Secco il giudizio di Dario Franceschini, presidente dei deputati del Pd: “La maggioranza non esiste più e sarebbe bene per il paese se tutti ne prendessero atto. La votazione di oggi in commissione Bilancio e il comportamento di Fli e Mpa sono la conseguenza dell'ottusità del governo nel rifiutare ogni miglioramento al testo della legge di stabilità e parlano più chiaro di qualsiasi cosa”.

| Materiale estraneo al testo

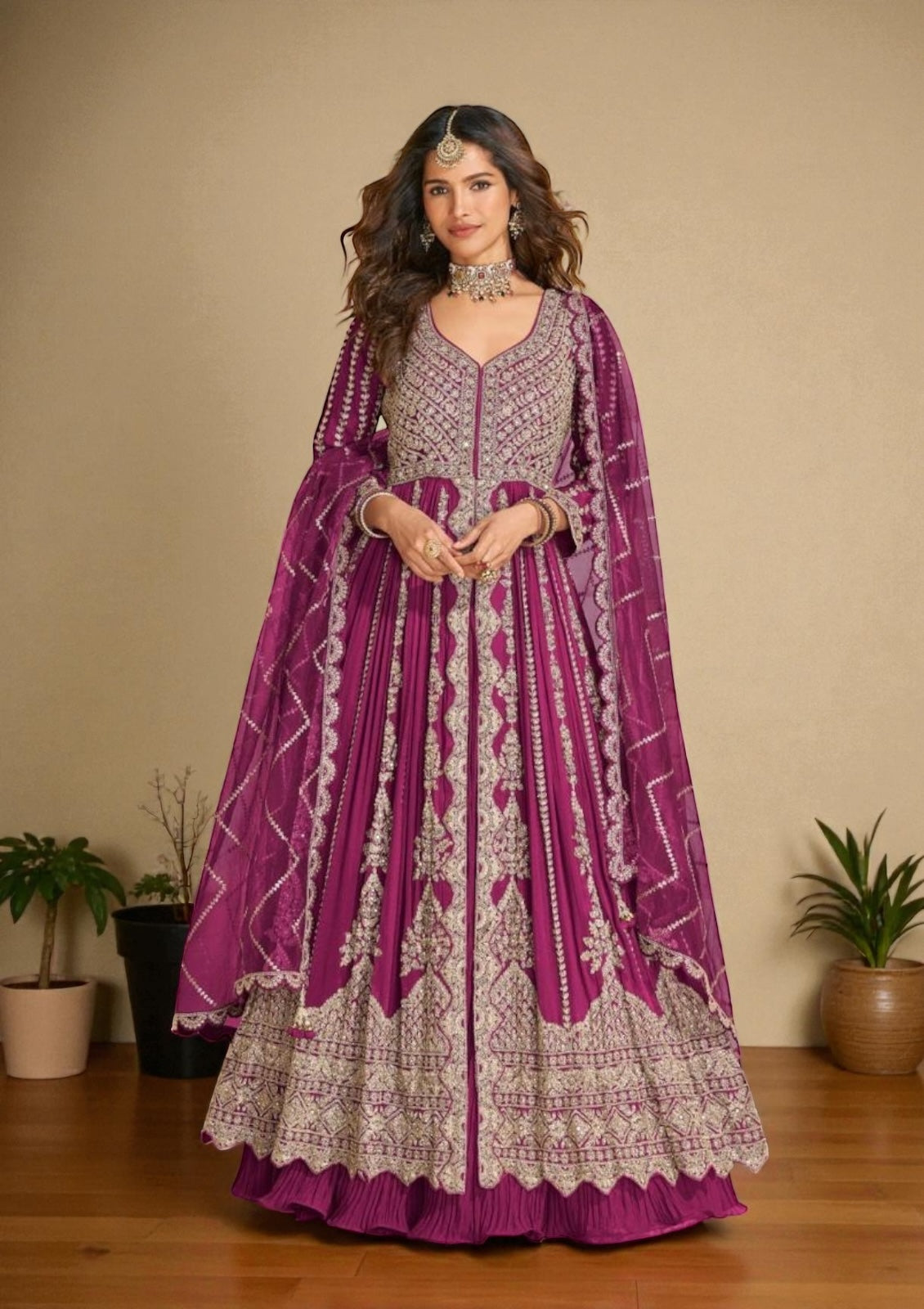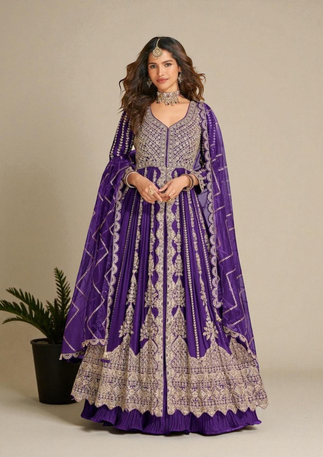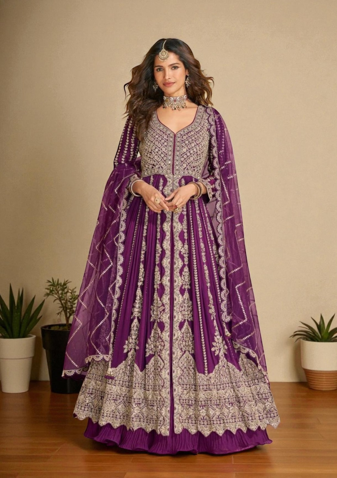 This premium collection of free size, stitched Anarkali dresses is perfect for weddings and parties. Made from real chinon silk, the heavy embroidered top and skirt offer a regal look, while the included dupatta adds an elegant touch. Complete your outfit effortlessly with this must-have collection.
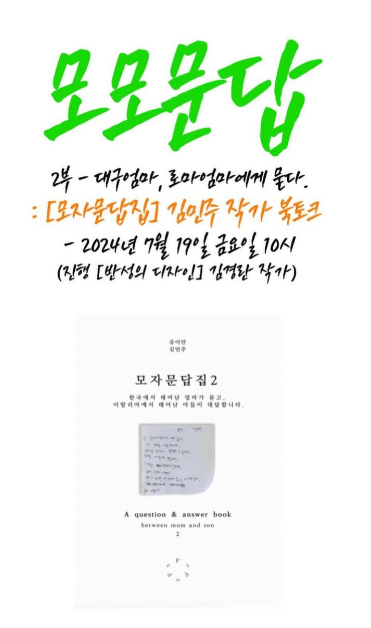 2024년 7월 [반성의 디자인] 김경란 작가 & [모자문답집] 합동 북토크 , 모모문답

Episodio emblematico della scarsa presa dell’esecutivo e dell’inesistenza i una maggioranza degna di tal nome: Pierpaolo Baretta, capogruppo del Pd in commissione Bilancio alla Camera, ha affermato che “il governo è nel pallone, la maggioranza non tiene. La legge di stabilità è da rifare, siano portati subito in parlamento i nuovi provvedimenti che ha annunciato”.

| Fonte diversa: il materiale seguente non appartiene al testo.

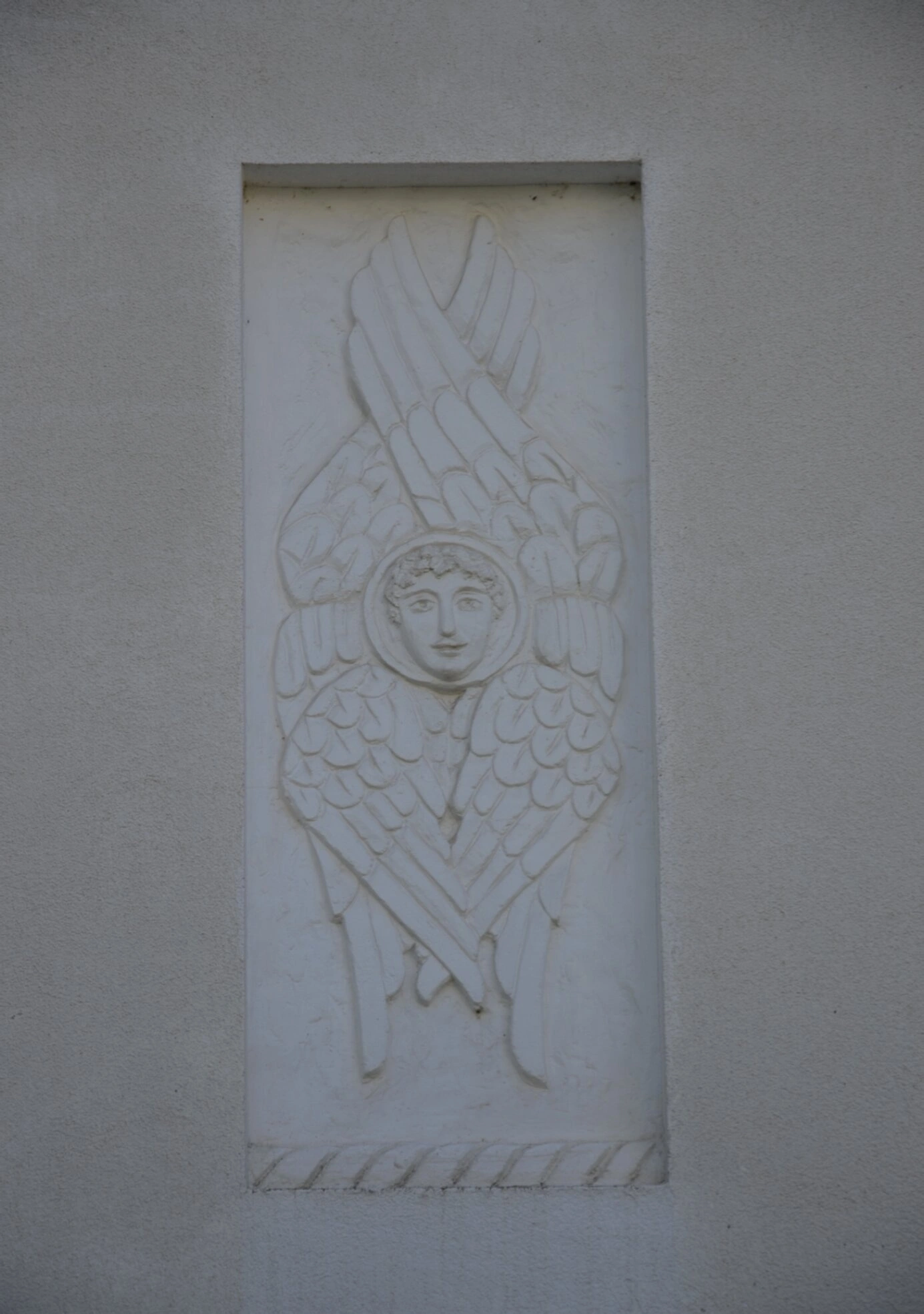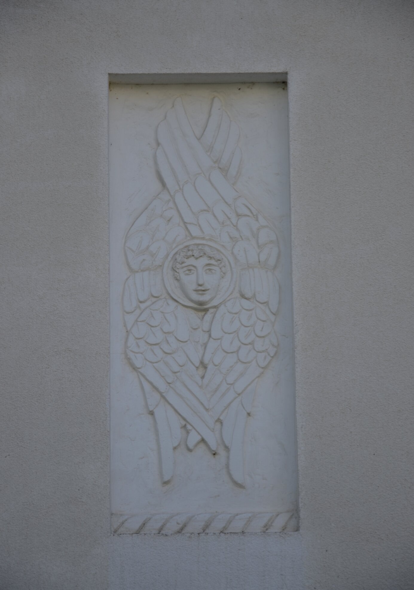 На представленной фотографии запечатлен барельеф серафима, расположенный в храме преподобного Серафима Саровского в городе Анапа. Храмовая архитектура включает данный рельефный образ в прямоугольной нише, выполненный в светлых тонах, что соответствует канонам православного церковного искусства.
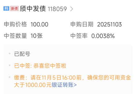 11月5日,可转债打新市场公布颀中科技(688352)发行的可转债——颀中转债的中签结果。此次中签号码共有33.66万个,每个中签号码只能认购1手(1000元)颀中转债。
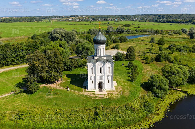 Россия, Боголюбово. Вид с воздуха на церковь Покрова на Нерли. Православная церковь и символ средневековой России
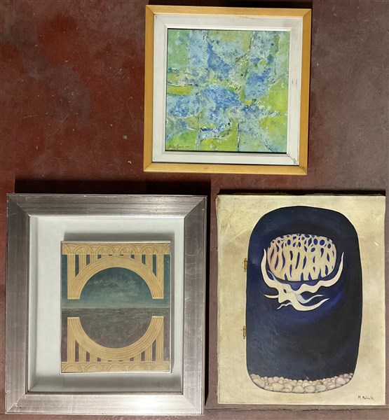 Lotto composto da tre tecniche miste, di cui due su tela e una su cartone, di soggetti e misure diverse (misura max cm 50x40) firmate, due in cornici
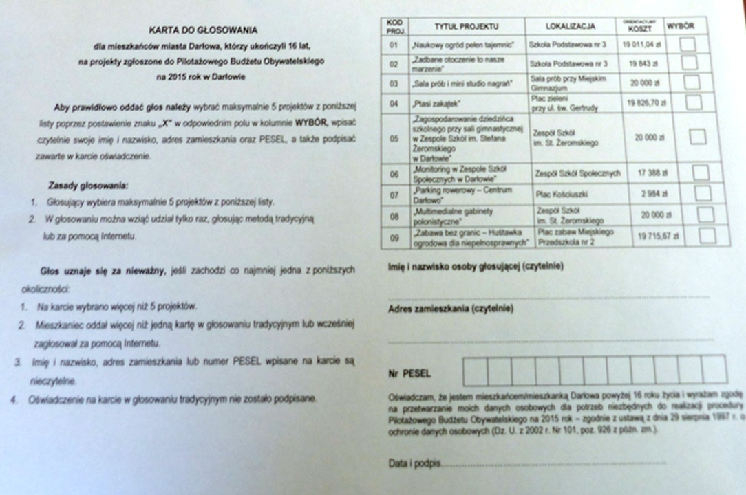 9.Zagospodarowanie dziedzińca szkolnego przy Sali gimnastycznej w Zespole Szkół im. Stefana Żeromskiego.                                                                                                  Głosować mogą wszyscy mieszkańcy Darłowa, którzy ukończyli 16 lat, biorąc pod uwagę datę roczną. Ważne jest miejsce zamieszkania, a nie miejsce zameldowania. Prawo do udziału w głosowaniu mają osoby zamieszkałe na terenie miasta Darłowa. Na karcie do głosowania należy podać imię, nazwisko, adres zamieszkania oraz nr PESEL. Karty do głosowania wypełnione niewłaściwie, niezawierające właściwych danych będą uznane za nieważne.  Głosować możemy w Internecie – na stronie internetowej: www.budzet.darlowo.pl poprzez wypełnienie interaktywnej karty do głosowania i przesłanie jej na adres email: kontakt@budzet.darlowo.pl lub głosując wykorzystując aktywny formularz na stronie. Głosując przez Internet nie trzeba drukować karty ani odwiedzać punktu głosowania, albo osobiście w punktach głosowania poprzez wypełnienie na miejscu karty do głosowania lub przekazanie wcześniej wypisanej karty: Urząd Miejski w Darłowie, Plac Tadeusza Kościuszki 9 - biuro podawcze lub w Zespole Szkół Społecznych im. Lotników Morskich STO. Można też głosować poprzez wysłanie karty do głosowania za pośrednictwem operatora pocztowego na adres: Biuro Podawcze Urzędu Miejskiego w Darłowie, 76-150 Darłowo, Plac Tadeusza Kościuszki 9 (decyduje data wpływu)                                                                                                       UWAGA: Na stronie www.budzet.darlowo.pl w zakładce „POBIERZ” znajduje się wzór karty do głosowania. W przypadku, kiedy nie można osobiście odwiedzić jednego z punktów głosowania – wydrukowaną i wypełnioną kartę do głosowania można przekazać osobie, która w naszym imieniu wrzuci kartę do urny ustawionej w punktach głosowania – w wyznaczonych miejscach i godzinach. Głosować można tylko jeden raz. Każde ponowne oddanie głosu spowoduje, że wszystkie głosy oddane przez daną osobę zostaną uznane za nieważne.  Wszystkie propozycje projektów, które przeszły pozytywnie weryfikację formalno-prawną są opublikowane na stronie internetowej budżetu obywatelskiego www.budzet.darlowo.pl – Baza projektów obywatelskich. Dodatkowo z listą projektów można zapoznać się w punktach głosowania. Aby prawidłowo oddać głos należy wybrać maksymalnie 5 projektów na karcie do głosowania poprzez postawienie znaku „X” w odpowiednim polu w kolumnie WYBÓR, wpisać czytelnie swoje imię i nazwisko, adres zamieszkania oraz PESEL, a także podpisać zawarte w karcie oświadczenie. Analogicznie oddajemy głos za pomocą Internetu, gdzie w karcie do głosowania mamy do uzupełnienia wyżej opisane pozycje. Głos będzie nieważny: gdy karta do głosowania będzie wypełniona niewłaściwie lub nie będzie zawierała wymaganych danych, gdy dane na karcie do głosowania zostaną wpisane niewyraźnie, gdy w wyniku weryfikacji karty zostanie stwierdzony brak podpisu lub dane osobowe lub numer PESEL będą niepoprawne, gdy w wyniku weryfikacji stwierdzone zostanie, że głos został oddany więcej niż jeden raz.

Anche Francesco Boccia, coordinatore delle commissioni economiche del gruppo Pd alla Camera, è intervenuto sulla questione mettendo in evidenza che “il governo da solo può solo andare a casa. Il Ddl di Stabilità, non ha più la maggioranza. Tremonti tragga le conseguenze e cambi il testo tenendo conto dei contributi dell'opposizione”
"Si spostavano risorse dagli investimenti alla spesa corrente predisponendo un uso improprio dei fondi Fas - ha detto Massimo Vannucci - al di là del contenuto, poi, il voto di oggi è la giusta reazione ad una Legge di Stabilità in cui c'e' scritto poco o niente e si pretende che sia pure intoccabile. Si è così espressa – ha concluso il parlamentare del Pd - l'insofferenza del Parlamento verso l'arroganza del governo".

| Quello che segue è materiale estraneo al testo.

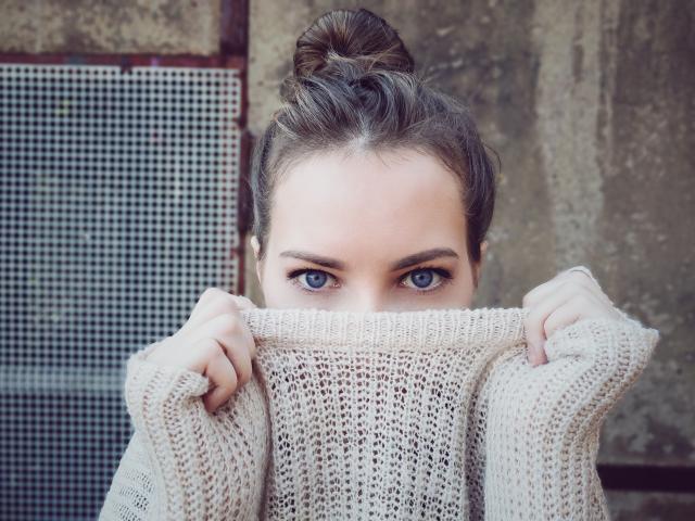 Wallpaper Blue-eyed girl covered her face with a sweater
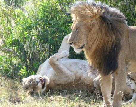 På de store sletter i Masai Mara, bød denne safari på mange løver, endda en han og en hun løve som var meget travlt optaget med at sørge for at bestanden kunne vokse.
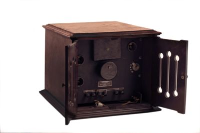 THIS APPARATUS IS COVERED BY UNITED STATES PATENTS, / UNDER WHICH THE MANUFACTER HAS THE RIGHT TO SELL / ONLY FOR CERTAIN SPECIFIC USES. SAID APPARATUS AND / ITS SEVERAL COMPONENT PARTS ARE SOLD AND LICENSED / FOR USE ONLY AS A WESTERN ELECTRIC LOUD SPEAKING / TELEPHONE OUTFIT AND NOT FOR CONNECTION WITH ANY / PUBLIC SERVICE WIRE TELEPHONE OR TELEGRAPH SYSTEM (documentaria)
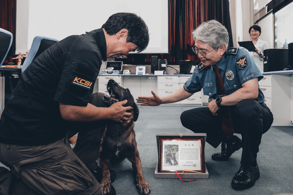부산경찰청이 야크의 공로를 인정해 표창장을 수여했습니다. 부산경찰 개청 이래 수색견에게 상을 준 건 처음입니다. 야크는 고기로 만든 케이크와 맛있는 간식을 부상으로 받았습니다.
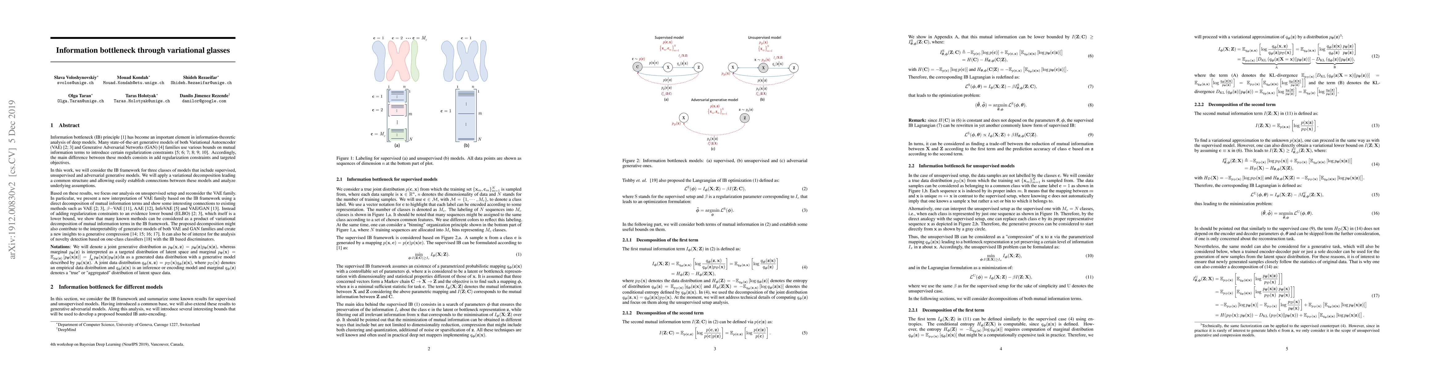 Information bottleneck (IB) principle [1] has become an important element in information-theoretic analysis of deep models. Many state-of-the-art generative models of both Variational Autoencoder (VAE) [2; 3] and Generative Adversarial Networks (GAN) [4] families use various bounds on mutual information terms to introduce certain regularization constraints [5; 6; 7; 8; 9; 10]. Accordingly, the main difference between these models consists in add regularization constraints and targeted objectives. In this work, we will consider the IB framework for three classes of models that include supervised, unsupervised and adversarial generative models. We will apply a variational decomposition leading a common structure and allowing easily establish connections between these models and analyze underlying assumptions. Based on these results, we focus our analysis on unsupervised setup and reconsider the VAE family. In particular, we present a new interpretation of VAE family based on the IB framework using a direct decomposition of mutual information terms and show some interesting connections to existing methods such as VAE [2; 3], beta-VAE [11], AAE [12], InfoVAE [5] and VAE/GAN [13]. Instead of adding regularization constraints to an evidence lower bound (ELBO) [2; 3], which itself is a lower bound, we show that many known methods can be considered as a product of variational decomposition of mutual information terms in the IB framework. The proposed decomposition might also contribute to the interpretability of generative models of both VAE and GAN families and create a new insights to a generative compression [14; 15; 16; 17]. It can also be of interest for the analysis of novelty detection based on one-class classifiers [18] with the IB based discriminators.

Per Michele Meta, capogruppo della commissione Trasporti alla Camera, si tratta di “un duro colpo per il governo. L'artifizio contabile di Tremonti di utilizzare i fondi Fas per pagare i costi del trasporto pubblico locale s'è mostrato un misero tentativo per far ricadere tutti i costi sulle regioni. Il governo prenda atto del significato di quel voto e riscriva profondamente la legge di stabilità prima che il settore vada in fibrillazione. Il voto di oggi ha anche un chiaro dato politico - ha concluso Meta - la maggioranza è implosa e il patto di legislatura evocato da Berlusconi solo qualche ora fa è già carta straccia".
“Al terzo voto sugli emendamenti sulla ‘legge di stabilità’ in commissione Bilancio il Governo è stato battuto – questo il commento di Marina Sereni - perché non è in grado neppure di ascoltare le ragioni dei parlamentari della sua stessa maggioranza. Il Paese è stanco e sfiduciato, questo Governo è alla paralisi e produce danni irreparabili. Prima si esce da questa situazione di immobilismo - ha ribadito la parlamentare e vicepresidente dell’Assemblea nazionale del Pd - e meglio è”.